2004 Big South Conference baseball tournament
- Teams: 6
- Format: Double-elimination
- Finals site: Winthrop Ballpark; Rock Hill, South Carolina;
- Champions: Coastal Carolina (7th title)
- Winning coach: Gary Gilmore (4th title)
- MVP: Steven Carter (Coastal Carolina)

= 2004 Big South Conference baseball tournament =

The 2004 Big South Conference baseball tournament was the postseason baseball tournament for the Big South Conference, held from May 26 through 29 at Winthrop Ballpark, home field of Winthrop in Rock Hill, South Carolina. The top six finishers participated in the double-elimination tournament. The champion, , won the title for the seventh time, and fourth in a row, and earned an invitation to the 2004 NCAA Division I baseball tournament.

==Format==
The top six finishers from the regular season qualified for the tournament. The teams were seeded one through six based on conference winning percentage and played a double-elimination tournament.

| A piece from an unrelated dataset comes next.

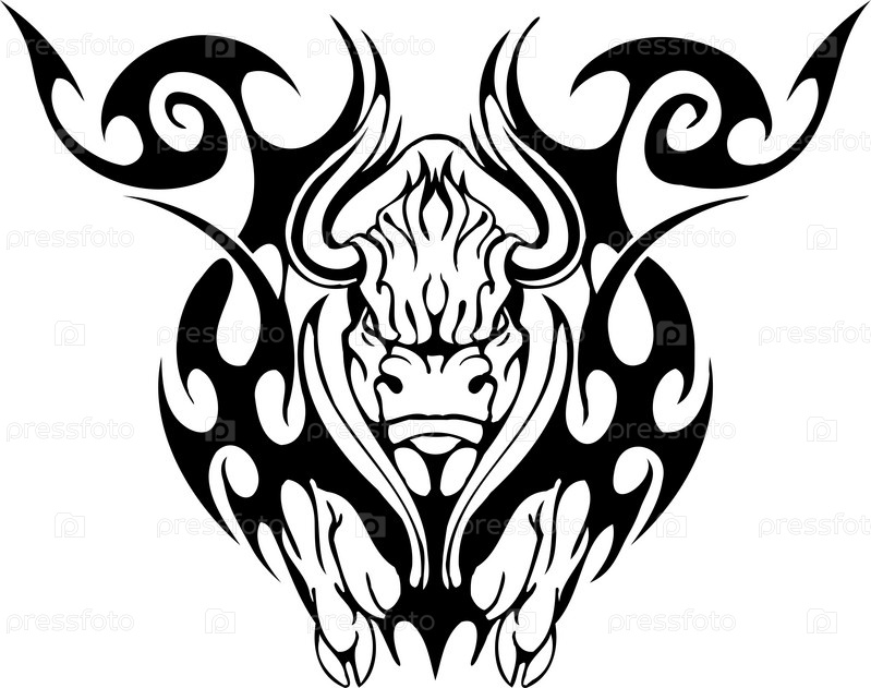 Черно-белое стилизованное изображение быка

| Team | W | L | Pct. | GB | Seed |
|---|---|---|---|---|---|
| Birmingham–Southern | 21 | 3 | .875 | — | 1 |
| Winthrop | 16 | 8 | .667 | 5 | 2 |
| Coastal Carolina | 16 | 8 | .667 | 5 | 3 |
| Radford | 14 | 10 | .583 | 7 | 4 |
| UNC Asheville | 13 | 11 | .542 | 8 | 5 |
| Charleston Southern | 11 | 13 | .458 | 10 | 6 |
| Liberty | 9 | 15 | .375 | 12 | — |
| VMI | 4 | 20 | .167 | 17 | — |
| High Point | 4 | 20 | .167 | 17 | — |

==All-Tournament Team==

| Name | School |
|---|---|
| Matt Barber | Birmingham-Southern |
| Daniel Carte | Winthrop |
| Steven Carter | Coastal Carolina |
| Mike Costanzo | Coastal Carolina |
| Brett Grandstrand | Coastal Carolina |
| Wes Letson | Birmingham-Southern |
| Grant Neidenfeuhr | Winthrop |
| Chad Oxendine | Coastal Carolina |
| Chris Raber | Coastal Carolina |
| Connor Robertson | Birmingham-Southern |
| Chris Todd | Coastal Carolina |
| Jared Walker | Birmingham-Southern |

===Most Valuable Player===
Steven Carter was named Tournament Most Valuable Player. Carter was a pitcher for Coastal Carolina, and won the award for the second of two consecutive years. Through 2020, Carter is the only player to earn the award twice.